If, for example, you knew that a large portion of your team played video games and wanted to encourage cross-team collaboration and chatter, you could organize a small tournament or group session to foster those connections. In turn, these kinds of team building activities make any future contact for work tasks smoother, since they already have an introduction.
The ultimate change management strategy is to make sure everything runs smoothly rather than alienating your workforce with massive shifts in your practices. If you don’t know how they currently work and communicate, what you think is a minor alteration could become a massive rift, leaving the team to feel like they’re being ignored as people.
Tie changes to strategic and emotional benefits
The term “employee engagement” gets thrown around by many (including myself), but when managing change in your company you truly need to engage them on a logical and emotional level. It’s not enough to tell someone “this will help you work quicker” or “this program will make your job easier in the long run” – you need to link your changes to benefits that they will be personally motivated to achieve.
A couple of quick examples are:
- Having more time to spend on interesting tasks they enjoy doing
- Completing projects in advance to avoid late-night edits
- Branching out into more varied duties
These aren’t just employees after all – they’re people with differing interests, goals, and desires, and by linking the changes to benefits which appeal to them as people you can naturally encourage them to stick to the new way of doing things.
Encourage behavior shifts, not just actions
Telling an employee to perform an action will get the task done, but it won’t stop them from returning to their previous routine as soon as the project’s initial enthusiasm wears off. Telling them how to perform the new action will alter their behavior, and after a few repetitions, suddenly the change has become their new routine.

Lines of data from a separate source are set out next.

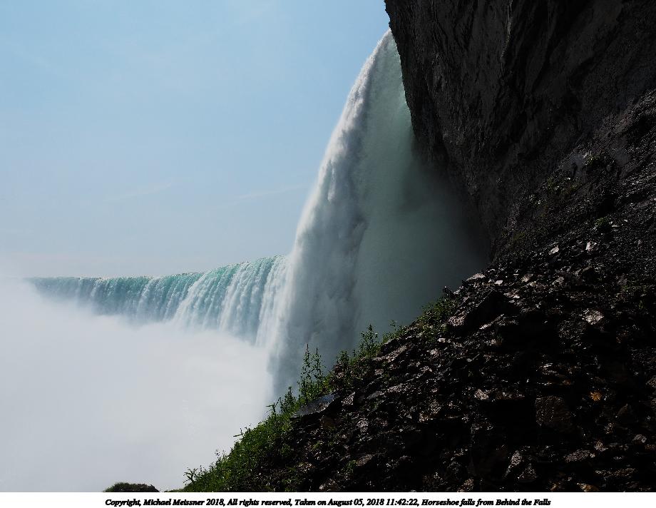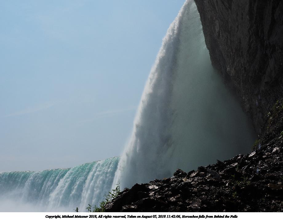 Picture #3: Horseshoe falls from Behind the Falls 920x712, 84,396 bytes (83K), (html file) Copyright, Michael Meissner 2018, All rights reserved Olympus E-M1-I camera with Olympus-m43 14-150mm-II f/4.0-5.6 lens f/11.0, ISO 200, 1/800 sec, 22.0mm, auto mode, vivid color, SHQ, matrix metering, IS Auto, noise reduction auto 35mm equivalent focal length 44.0mm Programs used: crop, raw therapee Taken by Michael Meissner on August 05, 2018 11:42:06 Last modified on August 19, 2018 at 18:07 |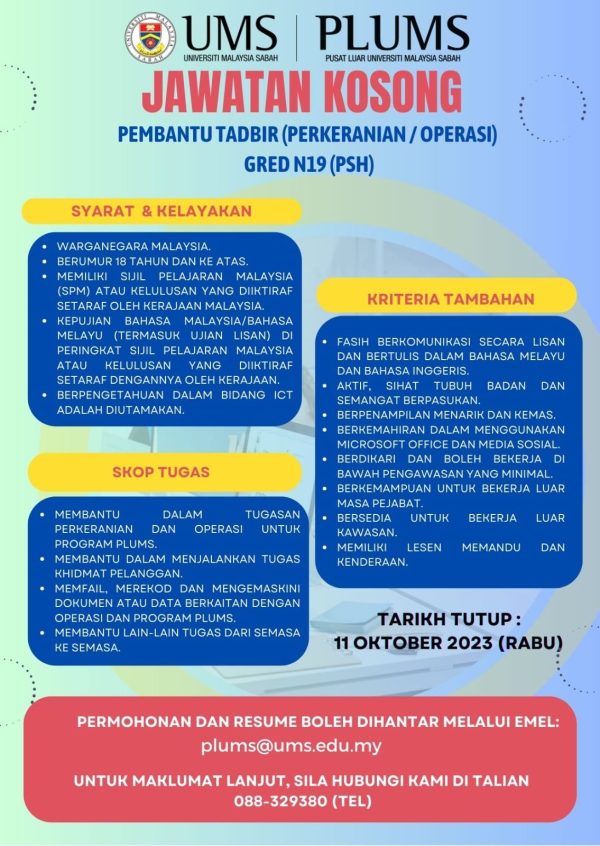 Iklan Terkini Jawatan Kosong Universiti Malaysia Sabah (UMS) Like serta Ikut Facebook Kami, follow Chanel WhatsApp Jawatan Kosong & Telegram Portal SPA9 untuk capaian pantas kekosongan jawatan daripada kami sekarang.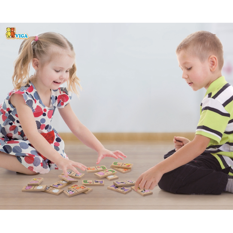 VIGA Drewniane Klocki GRA DOMINO Zestaw Zwierzątka 28 Elementów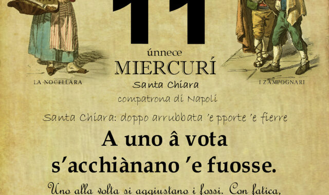 Uno alla volta si aggiustano i fossi. Con fatica, pazienza e perseveranza si superano tutte le difficoltà. “Santa Chiara: doppo arrubbata ’e pporte ’e fierre” spesso si corre ai ripari quando ormai è troppo tardi e il danno si è già verificato.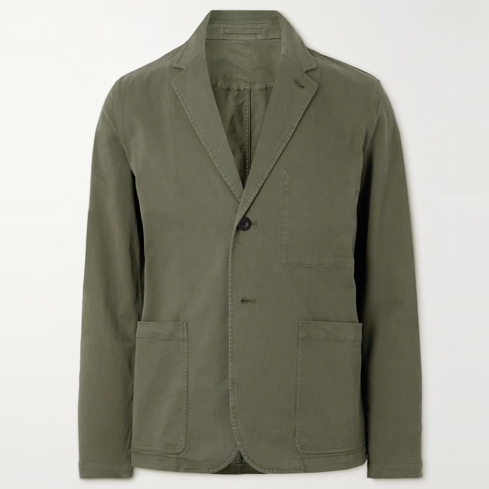 With a relaxed aesthetic thanks to its garment-dyed, worn-in charm, Mr P’s cotton-blend twill blazer comes as part of a suit but is also the perfect separate jacket for spring and autumn. Relaxed and unstructured for a natural drape, you can layer it over a striped rugby top with chinos and deck shoes for a slick, modern preppy look.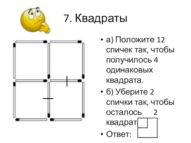 7. Квадратыа) Положите 12 спичек так, чтобы получилось 4 одинаковых квадрата.б) Уберите 2 спички так, чтобы осталось

This comes back to considering the people in your company rather than just the technical aspects – saying how to approach a given task along with its new goals and thought process is a much more effective way of making sure that your changes stick.
Plus, if you can inspire a particular attitude among your team you can encourage them to more closely stick to their goals and produce high-quality work. You turn a team of people just doing what they’re told to a group with a central purpose, who aren’t afraid to take action to further that goal above and beyond their usual duties.
Or, at least, you’ll change their routine for the better. You can’t win them all, but every little helps.
Support your changes with a formal framework
Without a set framework to follow you don’t stand a chance of being able to consistently deploy and track any changes made in your organization.
Documented processes benefit businesses of literally any size (and even personal tasks) by giving a repeatable set of instructions which provide a set standard of quality. Whether you’re looking at an editing checklist or a company-wide template for deploying changes effectively, you need to have a set framework to follow if you want to have any kind of consistency. Beyond that, you can only track and measure your success if you’re consistent, and you can only reliably improve if you can track your success.
In short, unless you use a set method for deploying your changes, you won’t be able to collect enough information to know how to improve your business. Speaking of which…
A quick change management method overview
Now, first up, this post is getting a little lengthy at this point, and without creating a 6,000-word behemoth that drowns you in information, I don’t have room to go through each change management method in depth. Instead, I’ll be publishing a second post a little further down the line which will be entirely dedicated to the various methods, their effect on your change management strategy, and when they should be used in general.
For now, a brief overview of the eight methods are as follows:
- Lewin’s change management model
- McKinsey’s 7-S model
- Kotter’s theory
- Nudge theory
- The ADKAR model
- Bridges’ transition model
- Kubler-Ross’ change curve
- The Satir change model
Lewin’s change management model
Each change management method follows the principles laid out above, but Lewin takes a deeper view on the need for change. His theory is that you need to “unfreeze” the entire way that things are done, make your changes, then “refreeze” to lock the new model into your company’s mindset.
Although Lewin’s method isn’t too useful for minor changes, if a serious overhaul to one of your systems or core pieces of technology is required then this is a fantastic way to dig up everything that could be affected.
McKinsey’s 7-S model
McKinsey’s 7-S model highlights seven core areas which are interlinked and must be considered with every change: strategy, structure, systems, shared values, style, staff, and skills. Much like Lewin, this a good model to use when you’re trying to cover every part of your company that your change affects, especially if you want to focus on your employees and how to get them to adopt it.
Kotter’s theory
Kotter takes a much more human-centric approach, with an 8-step method to inspire initial action by explaining the need for change, then guiding it through by keeping up that momentum.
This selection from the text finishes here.